┌──

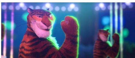
Figure 3. Zootopia 图3.《疯狂动物城》 ③
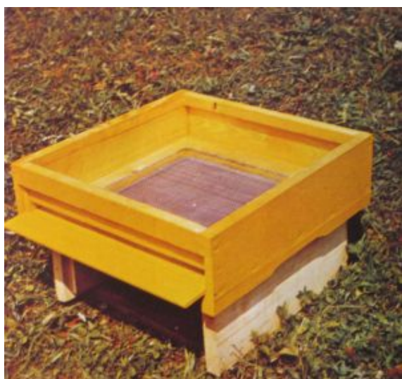
Kočovné dno k úlu Optimal
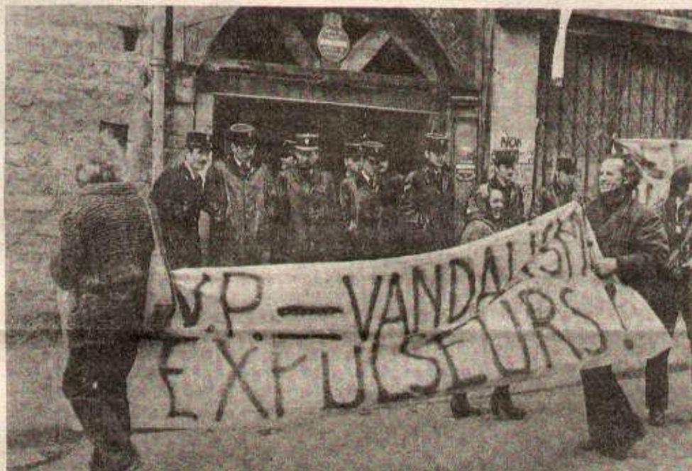
Les habitants du Marais montrent la voie de la résistance aux expulsions.

Lundi après-midi, le préfet de police indiquait que 1627 expulsions avaient été effectuées à Paris entre le 1er avril et le 31 août cette année. Plus des trois quarts d'entre elles ont pour origine le non-paiement des
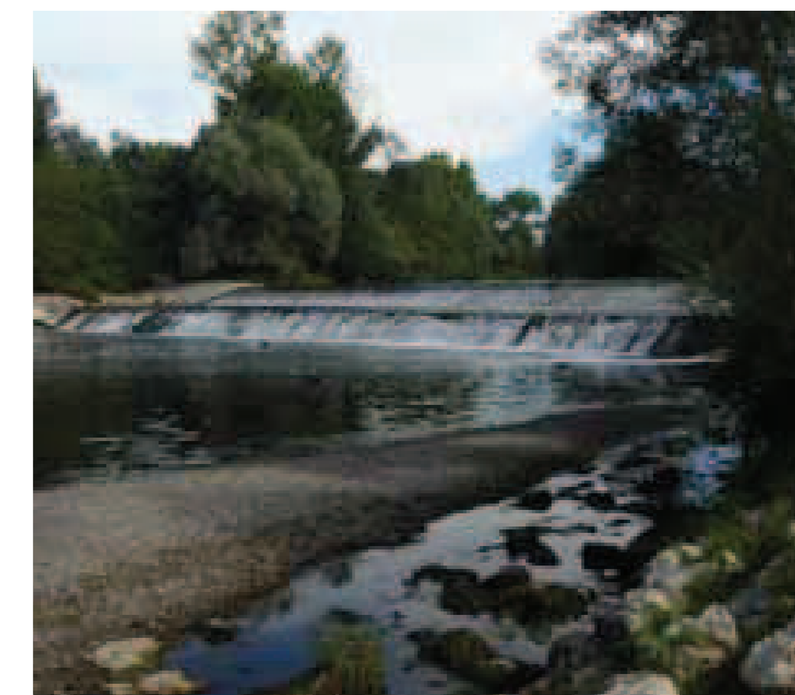
11. Palata Menasciutto

Poco oltre un impianto di alberature da legname pregiato può sembrare a prima vista un elemento di pregio naturalistico, ma l'impianto in geometrici filari e la pratica di continui interventi di "discatura" per eliminare le "erbacce" impedisce lo sviluppo di un sottobosco degno di questo nome, limitando la presenza vegetale a poche e banali specie pioniere, continuando a ricreare le condizioni che favoriscono appunto proprio la presenza di quelle erbacce che si vorrebbero eliminare. Le cose migliorano un po' in prossimità della palata, dove veniamo salutati da un ramarro che si scalda ai raggi del sole (fig. 10). Ed ecco infine le rapide create dalla palata (fig. 11) che già di per sé creano un paesaggio pieno di suggestioni. Le sponde del Serio sono ancora ombreggiate da salici e pioppi bianchi, ma il greto è completamente sommerso da una coltre di luppolo giapponese ( Humulus japoni-
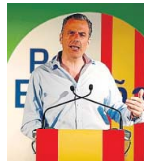
Javier Ortega Smith estuvo ayer con empresarios.

VOX El candidato de la formación de derechas a la Alcaldía de Madrid, Javier Ortega Smith, tuvo ayer un encuentro con los socios de la organización Madrid Foro Empresarial en

└──

WHAT THIS TASK INVOLVES — Would you copy every line from the listing above that has the string "Ortega" in it?

ANSWER SPACE —
Javier Ortega Smith estuvo ayer con empresarios.
VOX El candidato de la formación de derechas a la Alcaldía de Madrid, Javier Ortega Smith, tuvo ayer un encuentro con los socios de la organización Madrid Foro Empresarial en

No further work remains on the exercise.